Animal activists are claiming a victory after the High Court yesterday agreed to consider their right to screen illegally-filmed abattoir footage.
The court yesterday granted activists Farm Transparency International (FTI) special leave to appeal a Federal Court injunction banning them from sharing a 14-minute kill-floor compilation.
The footage filmed by trespassers between January and April 2024, depicts goat processing at Victoria’s Game Meats Company (GMC) Eurobin facility.
This latest challenge – expected to be heard by the High Court in Canberra – will be the fifth time the issue has faced court.
The activists are hoping a High Court decision would set a precedent for broadcasting all illegal abattoir footage.
“We have total confidence in (FTI’s) ability to win this battle for the public’s right to know what happens in farms and slaughterhouses, once and for all,” they claimed on Facebook.
In May 2024 activists sent the footage to the Department of Agriculture, Fisheries and Forestry and Channel Seven. The TV station did not broadcast the footage but published stories regarding the alleged animal cruelty at the abattoir.
The footage was published online by FTI’s agency Farm Transparency Project (FTP) in May 2024. However, a temporary injunction forced FTP to remove it within hours.
The matter was heard during a Federal Court trial in August 2024, After FTP admitted trespass, the court awarded GMC $130,000 in damages but denied a permanent injunction against the footage.
A further injunction, issued last August, awarded GMC copyright over the footage.
The activists opposed the injunction on grounds that it would breach their implied right to political communication under the Australian Constitution.
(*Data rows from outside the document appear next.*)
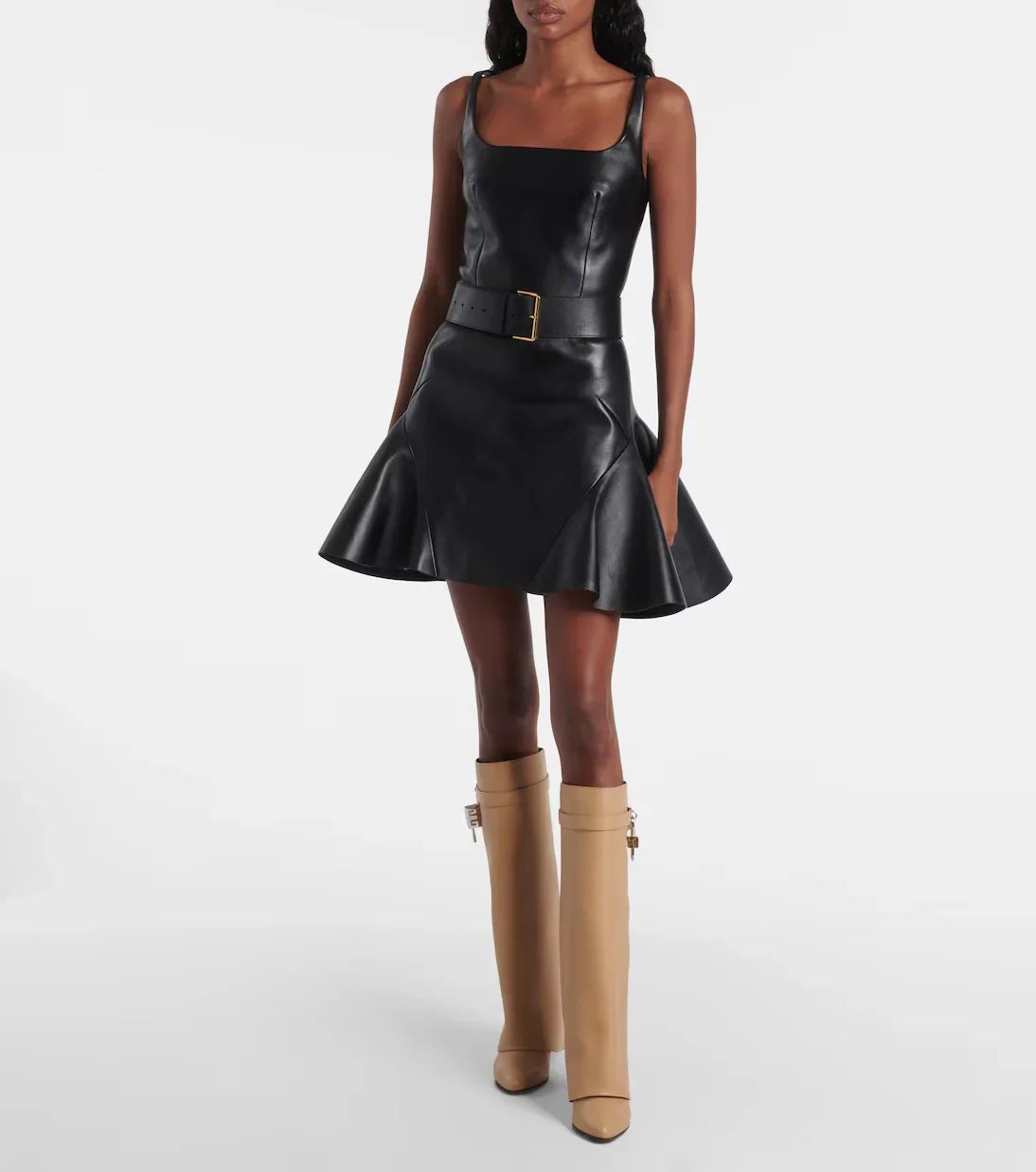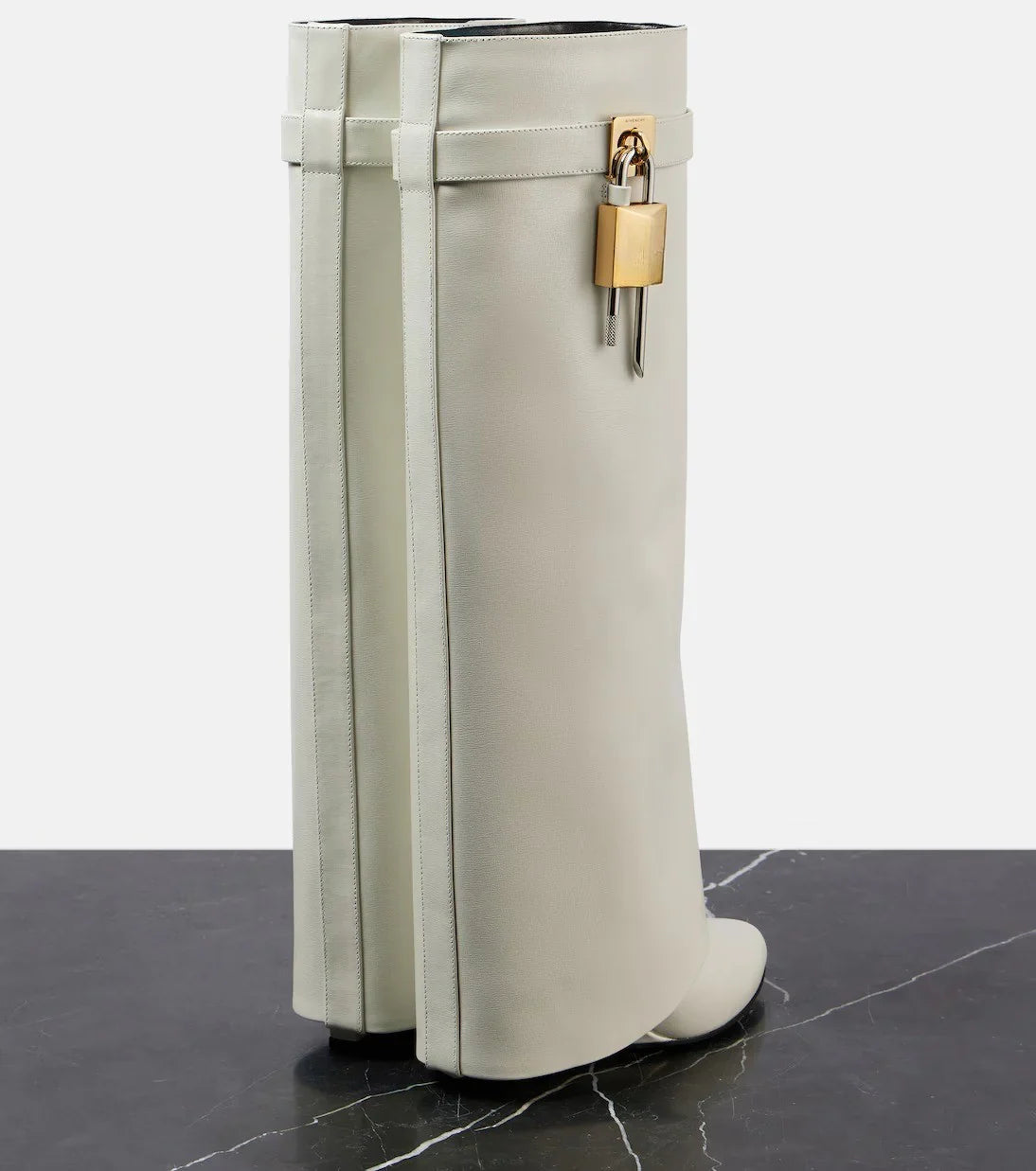 Altura: Botas hasta la rodilla, con estructura rígida y corte arquitectónico.
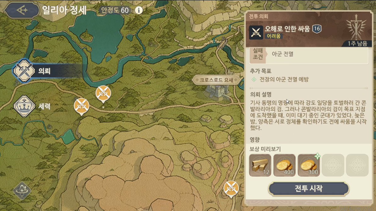 이번 의뢰는 "오해로 인한 싸움". 지난 포스팅에서 살펴본 바와 마찬가지로 기사동맹, 교황령, 일리아에 맞춰 6개의 의뢰가 들어와 있다. 이젠 평판을 더 쌓는 것이 의미가 없지만 그래도 기사동맹 쪽 공략을 해보자.
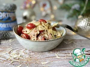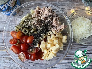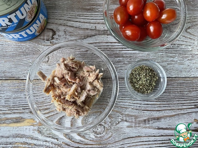 Филе тунца ТМ FORTUNA вилкой разделите на мелкие кусочки. Помидоры черри вымойте и разрежьте на половинки. Для этой пасты помидоры должны быть вкусными, сладкими и ароматными.
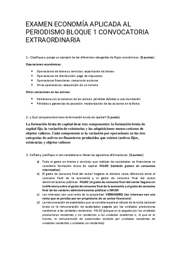 Exámenes solucionados correspondientes a los Bloques 1 y 2 de la asignatura de 1° Periodismo, Economía Aplicada al Periodismo, impartida por Esther Decimavilla en el grupo de mañana, que cayeron en la convocatoria extraordinaria del curso 2023-24.
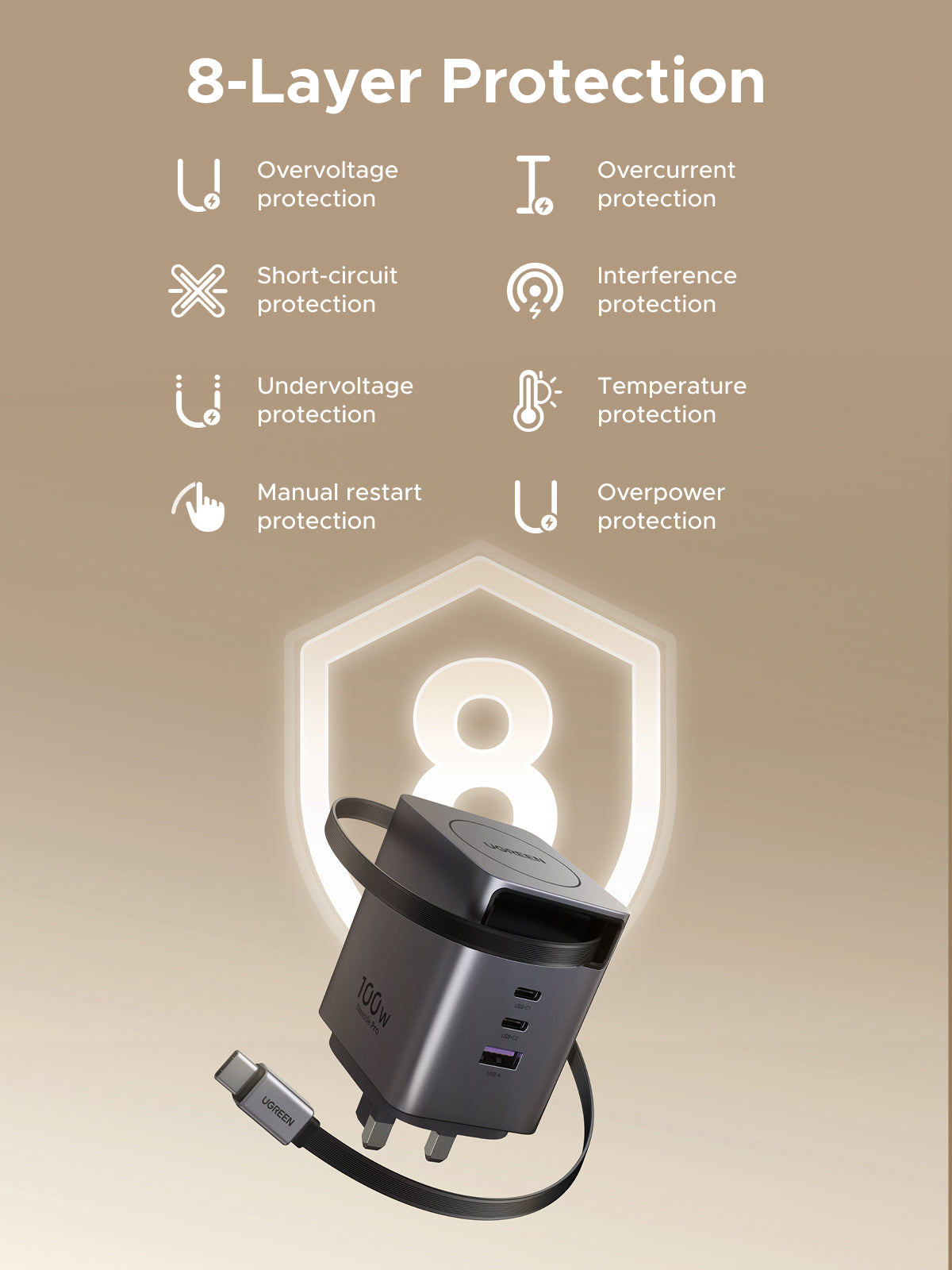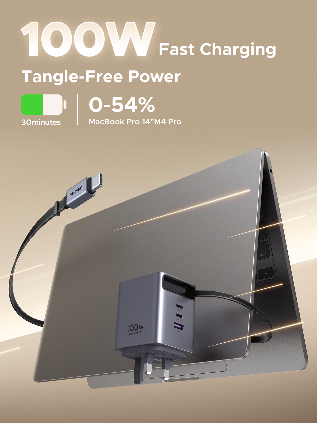 Plug & Play with Retractable Cable: This 100W charger features a built-in 0.75m retractable fast-charging cable—pull to extend and plug in for instant power. No more tangled wires or forgotten cables, making it perfect for travel, work, or home use
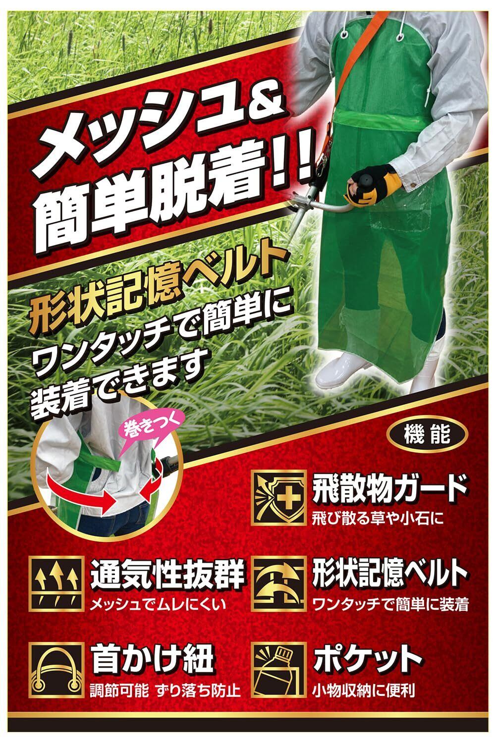 [セフティー3] ガーデンエプロン ワンタッチメッシュエプロン グリーン Free Size

GMC appealed to the full court of the Federal Court, which granted an injunction on the footage and ordered its destruction. It was the first time that the Federal Court had made such a decision in response to an act of trespass.
However, this order was stayed, pending the outcome of the special leave application to the High Court.
On FTP’s Facebook page, the activists said: “The High Court will be the final arbiters on this case, with the outcome setting a binding precedent for future animal cruelty investigations in Australia.
“FTP will argue that the footage, which shows numerous instances of animal cruelty in breach of welfare requirements, as well as standard animal slaughter practices, should be allowed to be published and that the organisation should retain copyright over the footage that they captured.”
The group has launched a crowd fund-raising campaign to help pay of the ‘fantastic new legal team who put together the successful application’, they said. “Going to the High Court is an expensive undertaking, but this case is vitally important.”
Under Australian law it is generally held that copyright in a film or a photograph is owned by the photographer or film-maker.
In a review of the previous hearing, Sydney law firm Minter Ellison has reported: “This represents an interesting development in Australian law. Seeking an assignment of the underlying copyright will be an important consideration for individuals or companies that are subjected to illegal surveillance or captured on covert recordings.”
The legal experts noted that while people who are subjected to serious invasions of privacy can take action under the Privacy Act “this case provides a precedent for an alternative or additional cause of action and remedies.”